In recent years, changes in property law, which were intended to make it easier for an owner to deal with his property in an unfettered way, haven't necessarily had that effect, at least not as far as property lawyers are concerned. The abolition of the feudal system extinguished many purely feudal title conditions, meaning that the anachronistic entitlement of the feudal "superior"  - often geographically distant from the affected property – to enforce such conditions has disappeared.  But there are still many title conditions that continue to be enforceable today, either by neighbours whose property may be affected by a breach of the condition, or in communities where a number of properties are subject to the same type of condition, and changes made to the law by the Title Conditions (Scotland) Act 2003, have resulted in a degree of uncertainty in some cases about whether there is anyone with rights to enforce the conditions, and if so, who they are.
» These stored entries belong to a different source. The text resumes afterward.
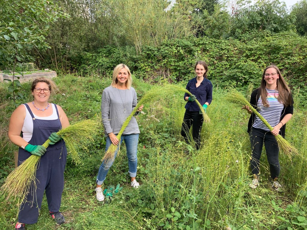 flax at flaxlands – Global Gardens 2021 the first crop. the group grew a 3m sq crop of Flax, which was harvested and processed to the first stage of linen fibre.
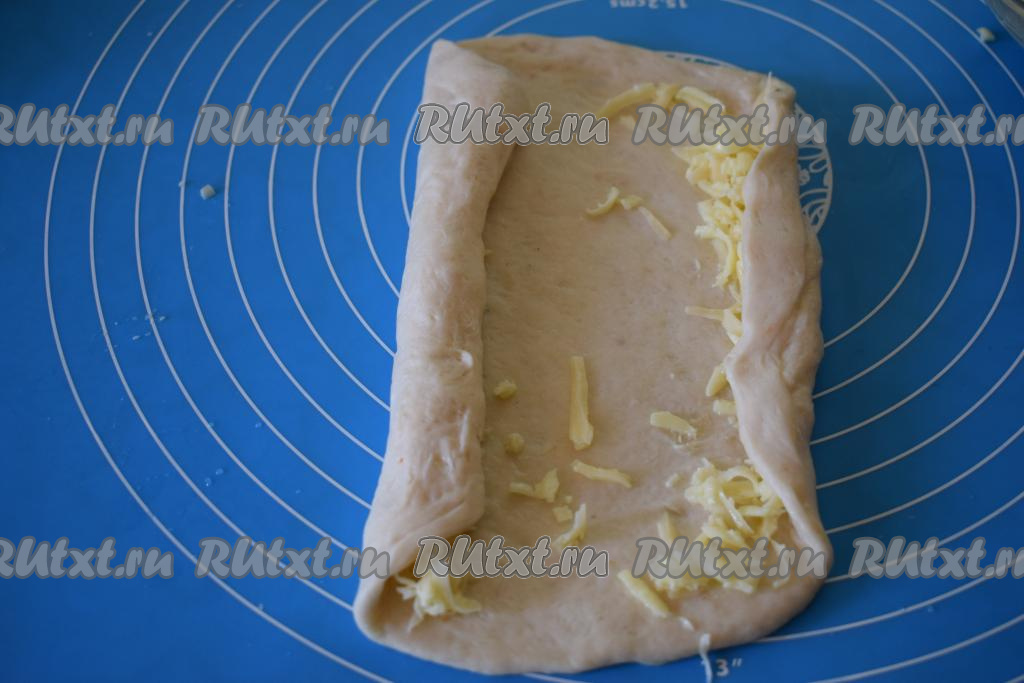 Сворачиваем тесто с двух сторон, накрывая сыр по краям нашего хачапури.
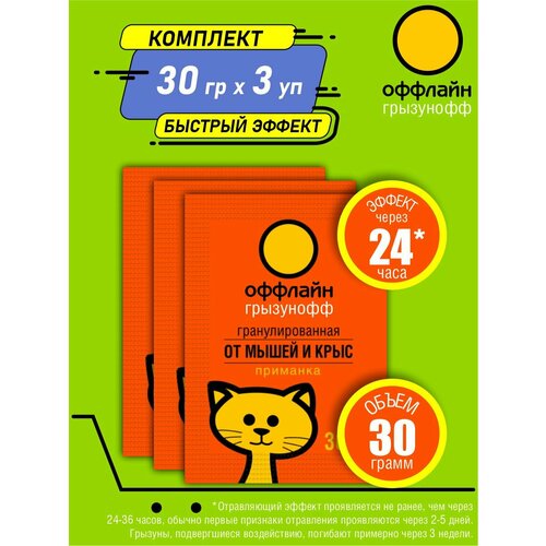 Комплект Грызунофф оффлайн Зерновая приманка от грызунов 40 гр. х 3 шт.

The Lands Tribunal for Scotland has had the power for over 25 years to vary or discharge land obligations, which include title conditions, on the application of a property owner whose title is affected by burdens, and its powers were extended by the 2003 Act, allowing a greater degree of flexibility in the matters it is able to take into account when arriving at its decisions.

A number of its decisions this year have been reported recently and each of these can assist our understanding of the factors that the Tribunal will consider during their deliberations. That said, the Tribunal is at pains to point out that each case has to be looked at individually, and that a site investigation often plays a significant part in their deliberations, so that an apparently similar set of facts may not result in the same outcome.
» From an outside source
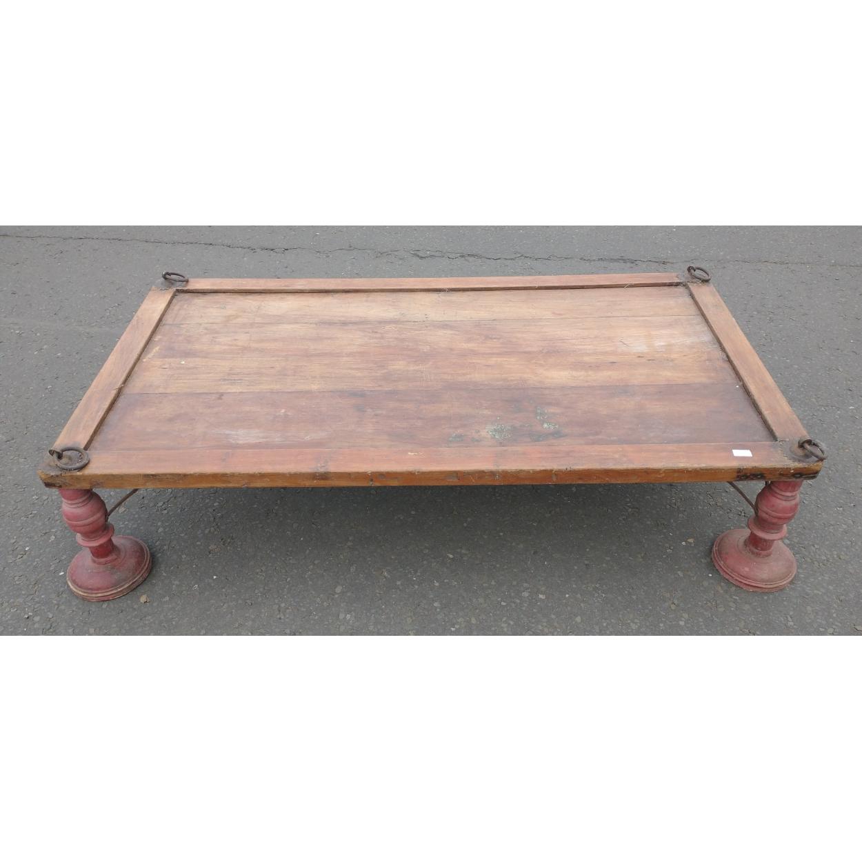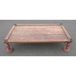 An wooden Indian day bed with large round wooden feet 165x90x35 approx

Division of a large flatted dwellinghouse

The case of Regan v Mullen (J N Wright, QC, K M Barclay, FRICS, 17 February 2006) concerned an application by the owner of a double penthouse flat in a development in a former warehouse, looking for a variation of conditions in the title that prevented sub-division of the penthouse into two smaller units. A significant number of other proprietors in the development objected to the proposal, suggesting that the creation of an additional flat would unsettle the status qua and could cause problems with the management of the development, and there had been no change in circumstances which would make it reasonable to depart from the conditions for this property. The view of the Tribunal was that it was perfectly reasonable to permit a sub-division of this flat, despite there being no material change in circumstances.
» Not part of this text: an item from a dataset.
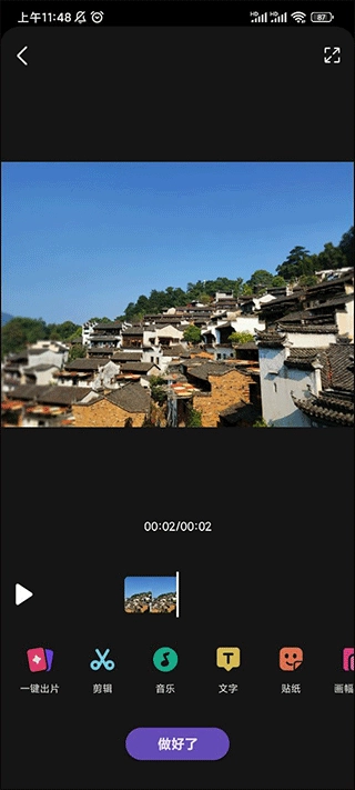 2、此时需要拍摄或上传视频、照片,接着通过添加所需的背景音乐或文字,对发布的作品进行优化。

Demolish one house and build two

The proposal in the case of Daly v Bryce (J N Wright, QC, K M Barclay, FRICS, 28 April 2006) was for a bungalow to be demolished and two two-storey houses built in its place. The neighbours objected principally on the ground that their light would be partially restricted, although it was also the case that the title condition in question, while allowing building of two storeys, only referred to one dwellinghouse. Although the Tribunal acknowledged that the building restriction would be likely to include an element of physical amenity, because it was able to consider other factors as well and weigh them against each other, issues such as the fact that the existing house was old fashioned and in need of significant upgrading, that the actual benefit to the neighbours of the original condition was limited, and that planning permission had already been granted for the proposed houses meant that on balance it would be reasonable to allow the condition to be varied, since the balance between the benefit to the neighbours of the condition and the burden on the owner fell on the side of the owner.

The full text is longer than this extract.